The mosquito spreads havoc in countries where health systems are underfunded and unable to reach communities in the deprived areas of sprawling cities; where illiteracy is high and false rumours spread like wildfire; and where the efforts of health workers are stifled by corruption, bureaucracy and political point-scoring.
Zika is a health problem, but it is also a political one. It’s a problem of inequality, but one that will end up affecting everyone, including the wealthy. Mosquitoes may not care about politics, but politics certainly affects mosquitoes.
Communities on the frontline
While Brazil showcases some of the underlying social, economic and political conditions that have allowed this outbreak to become such an urgent problem, this country is also taking steps in the right direction. These should not be dismissed as international actors step in.
In places like Pernambuco and Paraíba (two states that are among the poorest and most heavily affected by Zika), professionals from Brazil’s Unified Health System (SUS) are working alongside the military and community health agents who give advice and collect data in remote areas and hard-to-reach favelas. The work of these community workers is essential: mosquito control is more than simply fumigation “from above” and in order to be sustainable it requires persistent work on the ground.
In institutions such as the Fundação Oswaldo Cruz, cutting-edge, publicly-funded research into Zika and other neglected tropical diseases is underway. Civil society has mobilised in “Sábados de Faxina” (Cleaning-up Saturdays) and even “anti-Zika” carnival parades. This is happening amid calls for a greater emphasis on improving sanitation as a long-term solution for Zika and other diseases affecting Brazil.
Despite the contested political terrain and the difficult circumstances, Brazil is showing how health workers, community representatives, researchers, civilian and military leaders can collaborate.
Brazil certainly needs the assistance of international partners, as is demonstrated by president Dilma Rousseff’s phone call to Barack Obama on January 29, in which she sought to further Brazil-US cooperation in vaccine development. But it would be a mistake to see Brazil as a helpless victim, needing to be saved by outside intervention.
Everyday emergencies
There is much to learn from Brazil. First, considering the complex political, social and economic context of this country allows us to understand more clearly what the problem is. While the world is only now beginning to see Zika as an emergency, the conditions that have enabled the spread of the virus and hindered response are “everyday emergencies” for millions of Brazilians.

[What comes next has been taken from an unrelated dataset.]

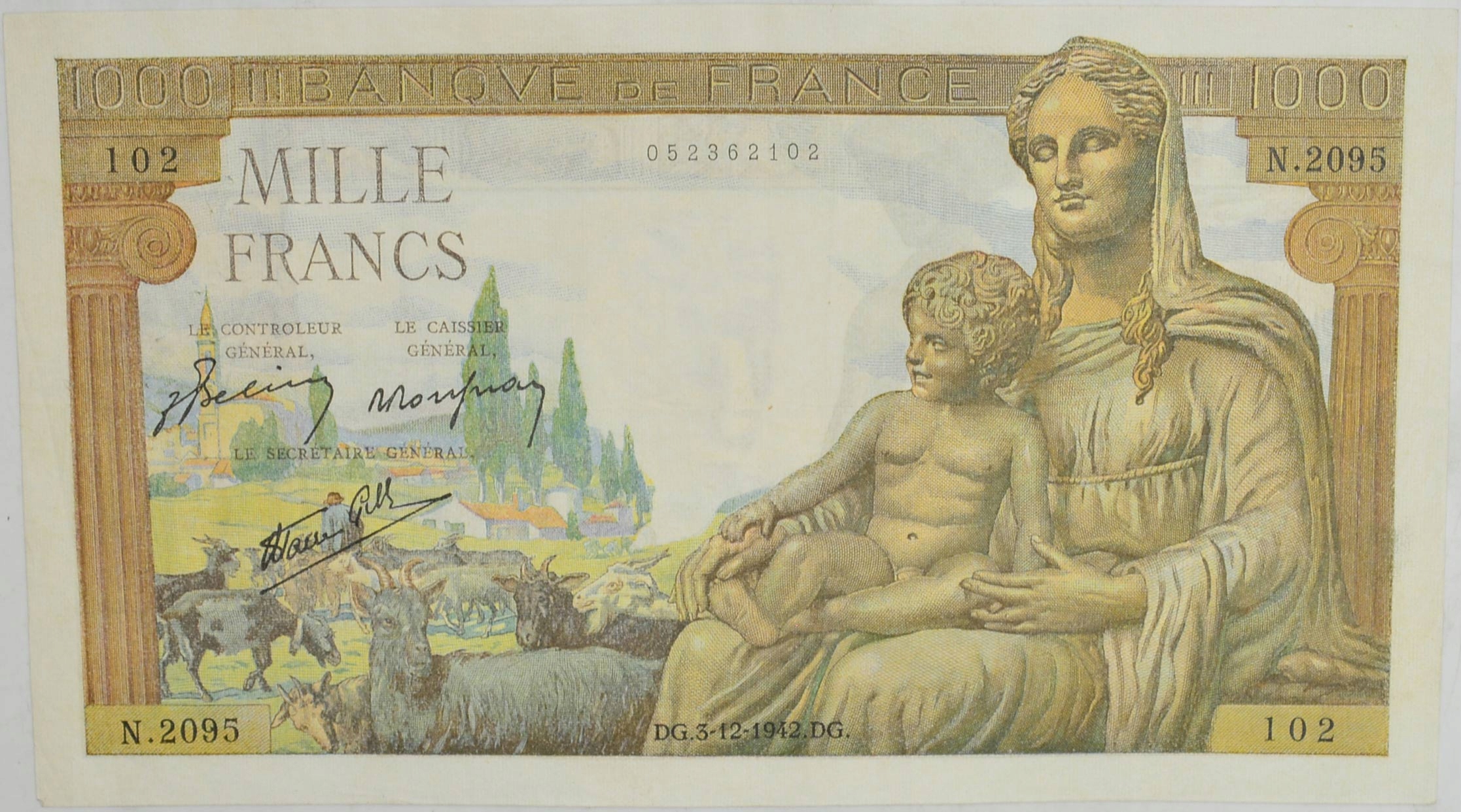 9.db.Francja , 1000 франків 12.03.1942, St.2/3+
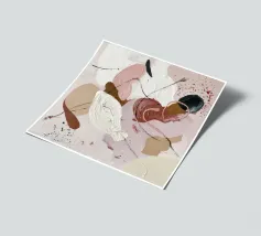 Una composizione astratta costruita con forme stratificate che suggeriscono foglie e motivi tessili, in una sofisticata tavolozza di blu, terracotta, beige, bianco e un sottile accenno di rosso.

The second is that addressing the problem of Zika requires a long-term effort that goes beyond crisis management – and that should not stop at mosquito control and vaccine development. These responses will certainly be important, but a sustainable solution also requires addressing the social and economic determinants of health, improving sanitation and housing infrastructure, and involving civil society in the definition and implementation of policies.
Brazil has taken some important steps in this direction, and international actors should support this agenda rather than imposing their own.